片思い7年目
◇◇◇

「あのー、美代子さん? 考えてとは言うたけど、今やのうてええで?」

 依然として正常に戻らない思考回路は、私の全ての行動をフリーズさせていた。優太の結婚を受け止めるだけで精一杯なのに、千颯の気持ちまで考えることはやっぱりできない。

「えっと、とりあえず保留でいい?」
「じらすなぁ。まぁ、こんなタイミングで言われても困るよな」

 千颯はちょっと残念そうに笑った。そして、友人の距離に戻って、三歩先を歩きながら私に話しかける。

「ほな、失恋旅行でも行こうや。お盆休み取れるんやろ?」
「千颯の奢りならいいよ」
「そらもちろん、そのつもりやで」

 冗談だよ、と背中に声をかけるも「今日はお星さんが綺麗やな」なんて聞こえないふりをされてしまった。

 駅につき、別々の改札へと向かう。人混みの中でひとりぼっちになると、優太と彼女が笑い合うシーンがフラッシュバックする。体の奥から底知れぬ不安が込み上げた。考えるより先に、千颯がいた方へと振り返る。すると、まるで私がそうすると知っていたかのように、こちらを見て手を振った。その少し寂しそうで、少し嬉しそうな柔らかく崩れた表情に心が穏やかになるのを感じ、私を飲み込みかけた不安はサッと引いていく。控え目に手を振ると、千颯はぶんぶんと身振りを大きくした。

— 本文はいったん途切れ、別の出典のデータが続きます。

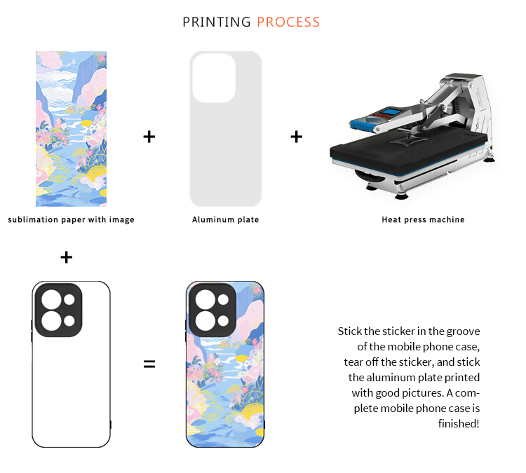 Feature: Various styles with competitive price; Premium quality hard rubber TPU sublimation case; Includes a pure white printable metal insert panel; Forged from high grade hard plastic, durable and light weight; Phone case includes a peel-away strong self-adhesive back to affix your insert to after sublimation.
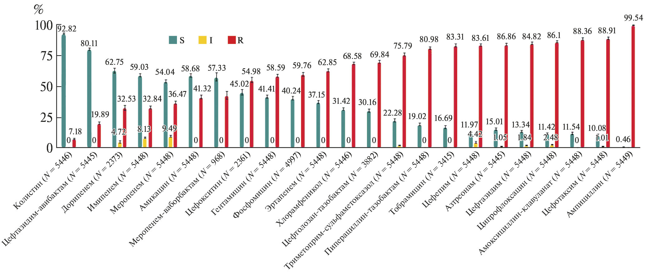 Условные обозначения: S – чувствительные изоляты, I – чувствительные при увеличенной экспозиции препарата, R – резистентные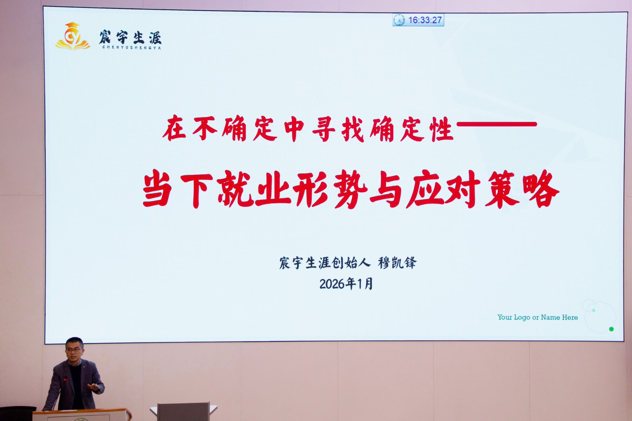 大会以生涯规划教育拉开序幕。学院特邀宸宇生涯创始人穆凯锋先生作题为“在不确定中寻找确定性”的专题分享。穆老师结合当前就业形势与行业发展动态,通过生动的案例和互动,深入浅出地分析了职业生涯“早规划、早准备、早应对”的重要性,并分享了“幸福职业生涯”中自我探索、职业目标设定及能力提升的具体路径,鼓励同学们立足实际,开阔视野,主动规划精彩人生。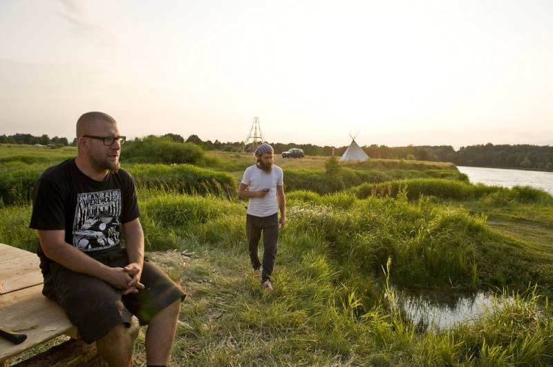 - Taka była idea tej pracy, bo chciałem się rzucić w coś dla mnie zupełnie nieznanego. Jedyny kontakt jaki wcześniej miałem z narzędziami to była siekiera i rąbanie drzewa od czasu do czasu. Założenie polegało również na tym, żeby tu zostać i zamieszkać nad rzeką na okres trwania prac. Dlatego powstało tipi, w którym nocuję, ale zdaje się że będę musiał powoli rezygnować z tego pomysłu, bo silny wiatr niebezpiecznie zaczyna podrywać konstrukcję. Podobno zbliżają się także burze, które stwarzają niebezpieczeństwo piorunów przy wodzie. To były jednak bardzo ciekawe momenty, gdy zostawałem sam w towarzystwie rzeki, łąki, pełni księżyca, czyli idealnych warunków pogodowych jakie mogły się przytrafić. To taka dodatkowa nagroda za to wszystko, specjalny walor.

 慰めたい、惚れてほしい、なんて言ったくせに、傷心した私をホテルに連れ込むどころか、酒を一滴も飲ませずに帰らせる千颯に、私は大事にされていると実感して素直に嬉しかった。しかし数秒後、もう優太からは貰えない物だという事実が頭をよぎって、空腹の胃が気持ち悪くなった。

「なにこれ、情緒不安定すぎ?」

 私はもう、優太以外に恋ができる気がしないのだ。
 仕事で疲れ切ったであろう大人達が揺れている電車の中で、同じように吊り革を握る。ふと、優太のニヤけ面を思い出して、大きく頭を振った。大好きなえくぼを見て、まだときめいている自分が虚しかった。

 窓に映った自分は覇気がなく、泣きそうな顔に見える。千颯や、優太の彼女とは正反対のうねった髪の毛が、今日はいつにも増して憎たらしい。優太が彼女と付き合い始めてから縮毛矯正はやめてしまった。振り向いてもらう努力を、あの時確かに怠ったのだと気づく。ベッドに飛び込んで暴れまわりたい気持ちを抑えて、スラックスをぎゅうと強く握った。